Die Zinsschlacht hat begonnen, muss ich überhaupt noch investieren?
von Marc André Buczek
Mit den zuletzt deutlichen Zinsschritten der europäischen Zentralbank kehrt auch eine fast schon in Vergessenheit geratene Ertragsform zurück: Zinsen auf Bankguthaben. Spätestens mit den medienwirksamen Zinsverkündigungen der Neobroker Scalable & TradeRepublic wächst auch der Druck auf traditionelle Banken. Bei Guthabenzinsen auf liquide Investments um die 2 % p.a., nehme ich im Kunden,- Freundes- und Bekanntenkreis häufiger Erleichterung wahr. Die unbequeme Suche nach einer alternativen Anlageform scheint beendet. Liquide Konten sind wieder mehr als ein reiner Sparschweinersatz.
Doch ist diese Vorgehensweise sinnvoll?
Schauen wir rein auf den nominalen Zins von 2%, so ist dieser im Verhältnis zu den letzten Jahren durchaus attraktiv. Ausschlaggebender für ein Investment sollte jedoch der Realzins sein, also der Zins abzüglich der Inflationsrate. Bei einer Inflation von zuletzt 8,7% (YoY), beträgt der reale Zins damit faktisch -5,7 % p.a.. Damit ist der Realzins bedeutend niedriger als noch vor einigen Jahren, als wir im Nullzins feststeckten, die gemessene Inflationsrate jedoch deutlich unter 2% verharrte. Insbesondere für langfristige Investments ist folglich die Suche nach einer realen Rendite wichtiger als zuvor.
Aber heute investieren, ist das nicht der falsche Zeitpunkt?
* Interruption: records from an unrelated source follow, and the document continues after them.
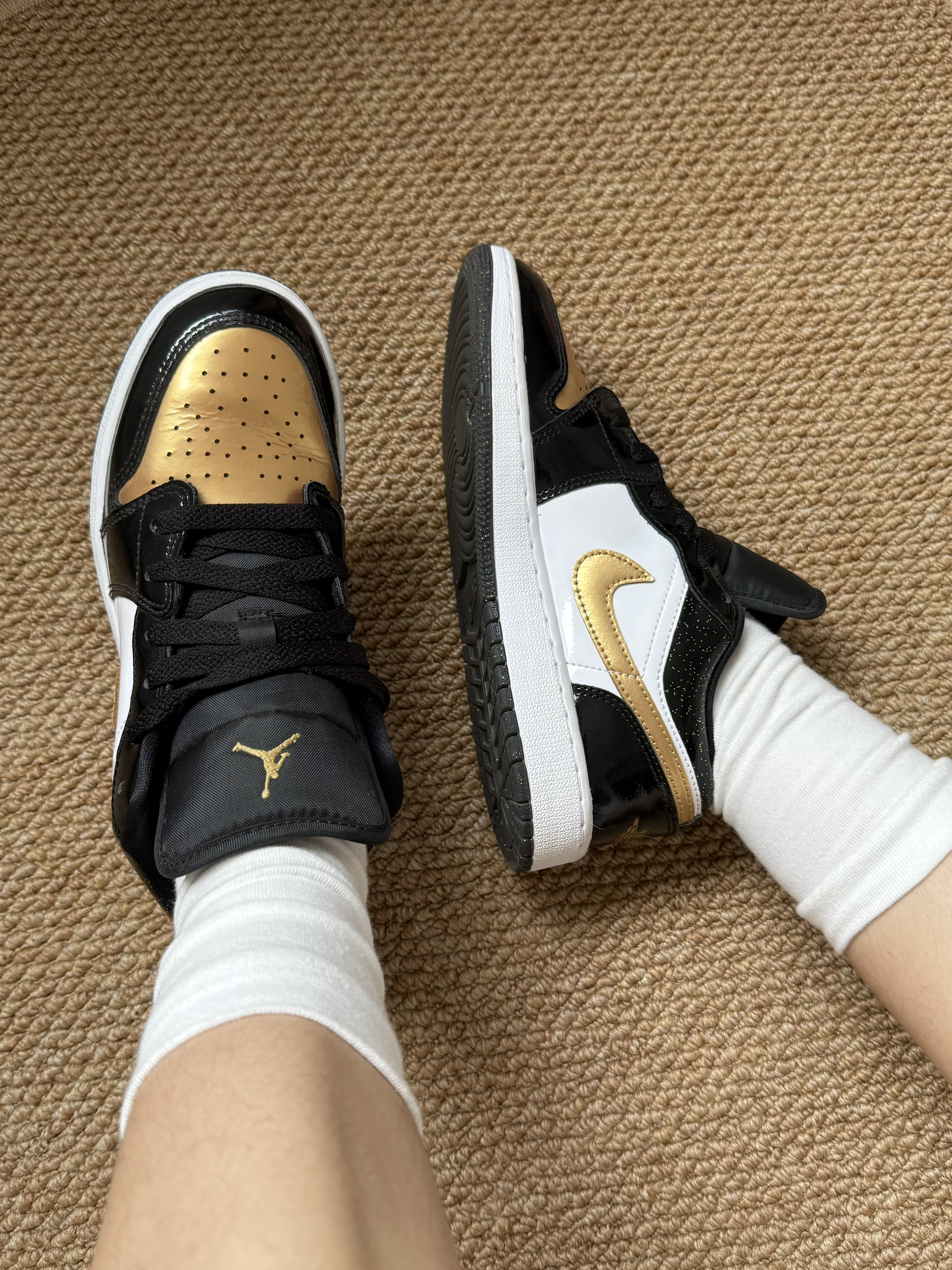 上脚一整个“贵气感” 低调奢华大气又时髦! 漆皮质感超赞哦!舒适又百搭! 黑白金配色简直高级感满满! 这个黑金配色适合所有搭配!!!
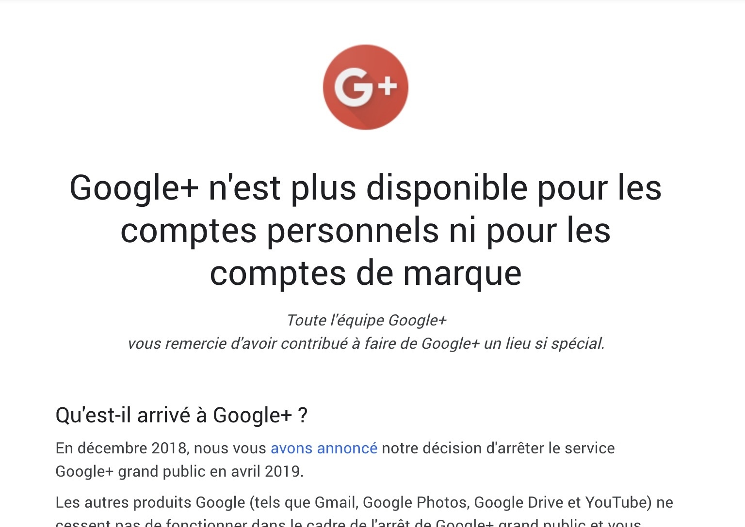 Google a officiellement lancé le processus de fermeture et de suppression de tous les comptes consommateurs sur sa plateforme sociale Google+, mettant ainsi fin à la tentative de la société de concurrencer directement Facebook et Twitter. « Google+ n’est plus disponible pour les comptes personnels ni pour les comptes de marque », peut-on lire sur le site du service.
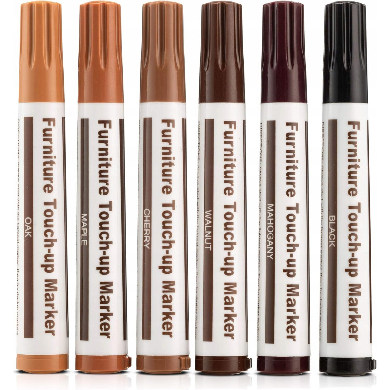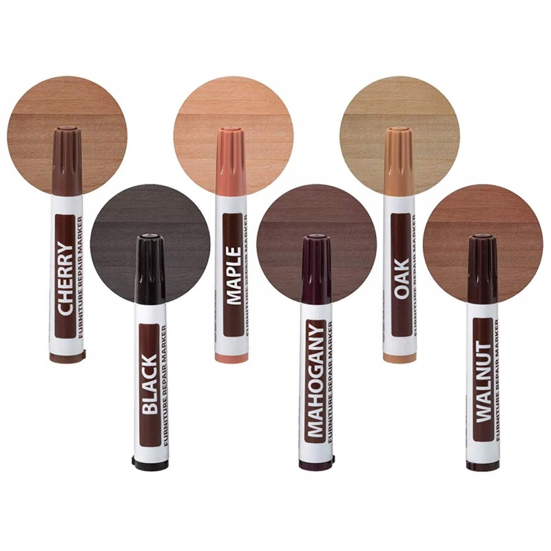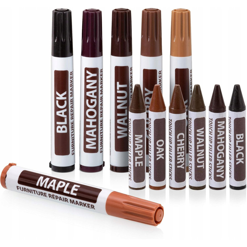 - Szeroka gama kolorów: W zestawie znajdziesz 8 różnych kolorów markerów i wosków: Czarny, Szary, Biały, Mahoń, Klon, Dąb, Wiśnia i Orzech Włoski. Tak szeroki wybór pozwala na idealne dopasowanie do praktycznie każdego rodzaju i odcienia drewna, co zapewnia naturalny i spójny efekt naprawy.
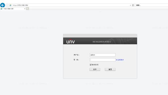 1、浏览器输入摄像机IP地址、用户名admin和密码,登录摄像机WEB网页界面。
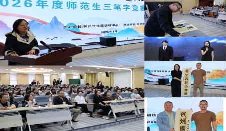 为夯实师范生教学基本功,传承中华优秀文化,4月9日,由师范生技能训练中心主办、文学院承办的“书写民族魂·笔力绘团结”2026年度师范生三笔字竞赛决赛如期举行。经过各师范专业初选初赛推荐,110名同学进入决赛,比赛设置钢笔字、粉笔字、毛笔字三项书写内容,同学们在一笔一画间尽显扎实的书写功底与良好的师范生精神风貌。优秀作品在尚智楼二楼大厅进行了集中展示。
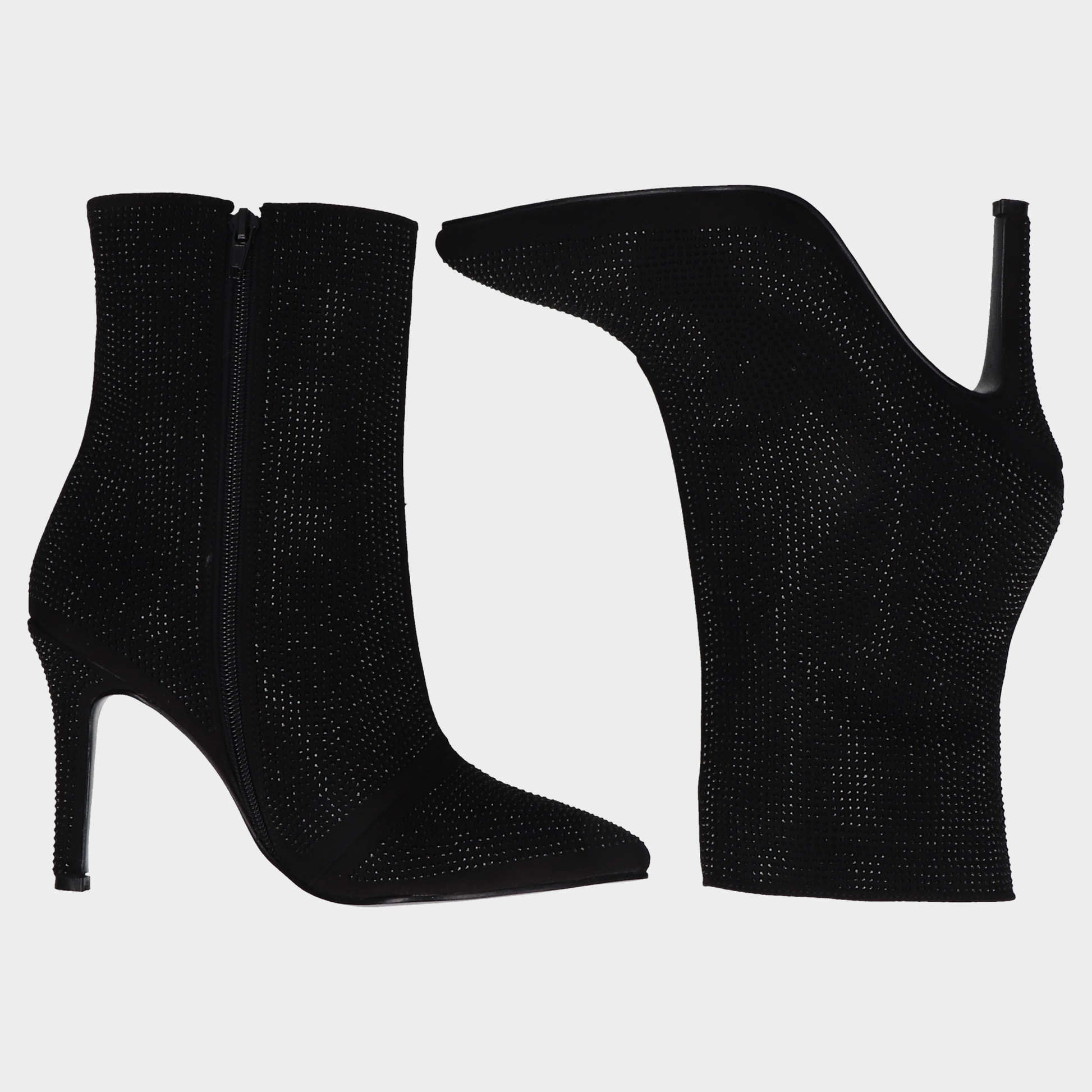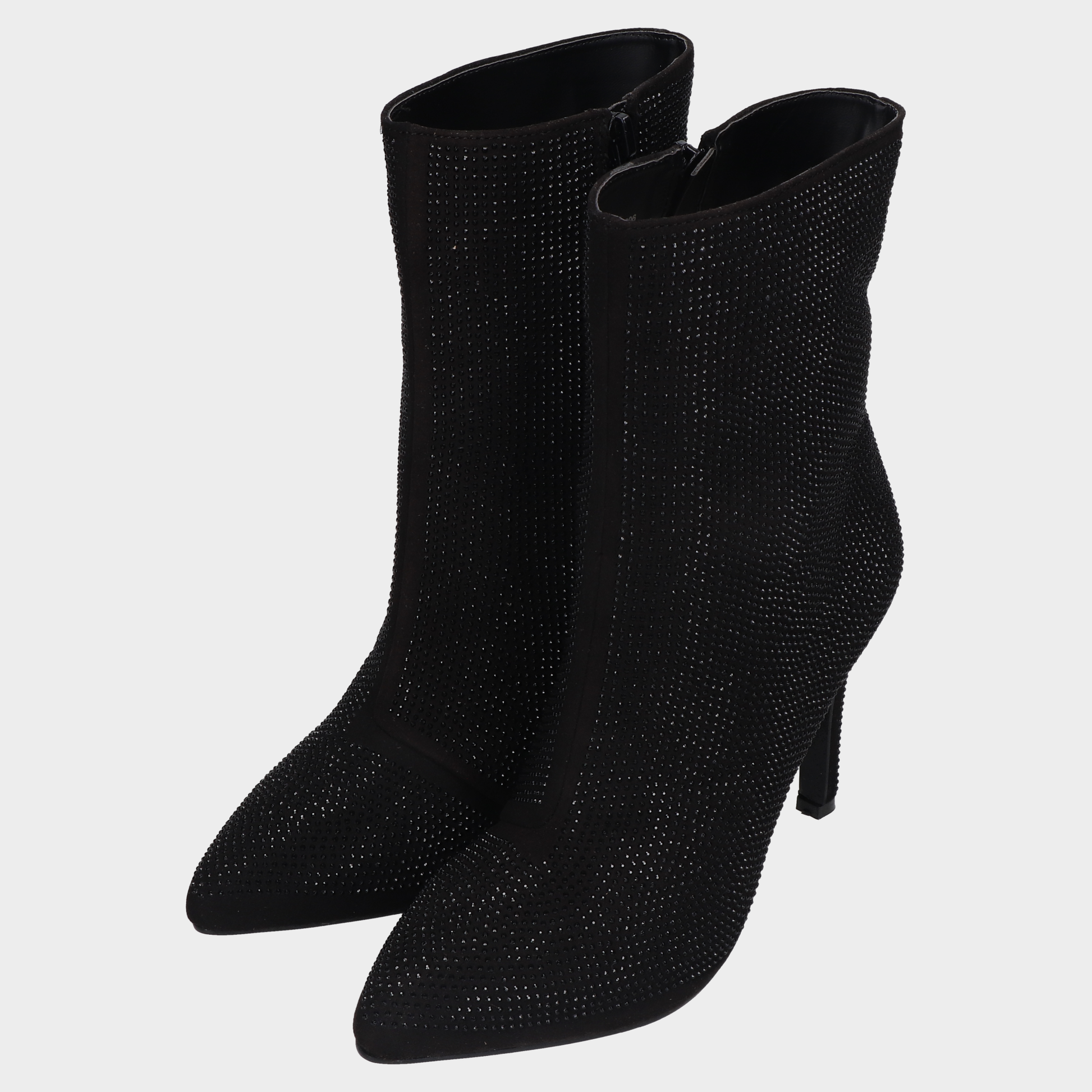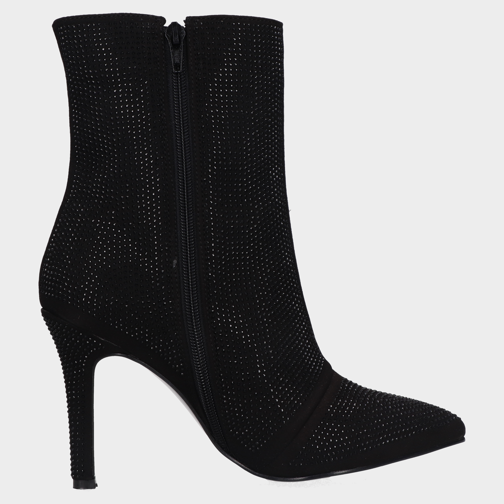 Botin Dama 108-W611206 Negro ? Botines Negros Con Brillos Y Tacón De Aguja Elegancia Que Deslumbra. Estos Botines Negros De Tacón Alto Combinan Diseño Sofisticado Y Detalles Glam Con Acabado Textil Decorado Con Microbrillos Tipo Pedrería. La Punta Afilada Y El Tacón Tipo Stiletto Estilizan La Silueta, Mientras Que El Cierre Lateral Facilita El Ajuste. Ideales Para Eventos Nocturnos, Atuendos Formales O Como Pieza Protagonista En Looks De Temporada. Un Calzado Que Transmite Seguridad, Estilo Y Presencia. Descubre Más Modelos Que Celebran La Moda Con Carácter Y Brillo.

Mit den heutigen Rahmenbedingungen Krieg in Europa, Energiekrise, Inflation, Kursen nahe den Höchstständen und vielen mehr, mag der Einstieg in die Kapitalmärkte schwerfallen. Historisch gesehen, ist gestern der beste Einstiegszeitpunkt gewesen. Studien zeigen, dass bei regelmäßigen jährlichen Investments, selbst mit dem Schlechts möglichen Timing, langfristig eine höhere Rendite erzielt wurde, als wenn nicht investiert wird. Wie ein altes Börsianer Sprichwort so schön sagt: „it’s not about timing the market, but about time in the market“. Auch ein Grund, warum wir bei der Ringelstein & Partner Vermögensbetreuung Langfristinvestoren sind und versuchen in unruhigen Zeiten ruhige Hand zu bewahren und nicht in kurzfristigen Aktionismus zu verfallen.
Zudem ergeben sich durch den Zinsanstieg am Kapitalmarkt ebenfalls neue Möglichkeiten. Selbst kurzlaufende Staats- und Unternehmensanleihen mit guter Bonität bieten wieder attraktive Renditen oberhalb des Einlagenzinssatzes.
Lange Rede kurzer Sinn, für Gelder die als Notfallreserve gedacht sind oder die in den nächsten 12-24 Monate benötigt werden, ist der Zinsanstieg ein warmer Nieselregen. Für eine langfristige Kapitalanlage erachte ich jedoch ein breites Investment am Kapitalmarkt für sinnvoller.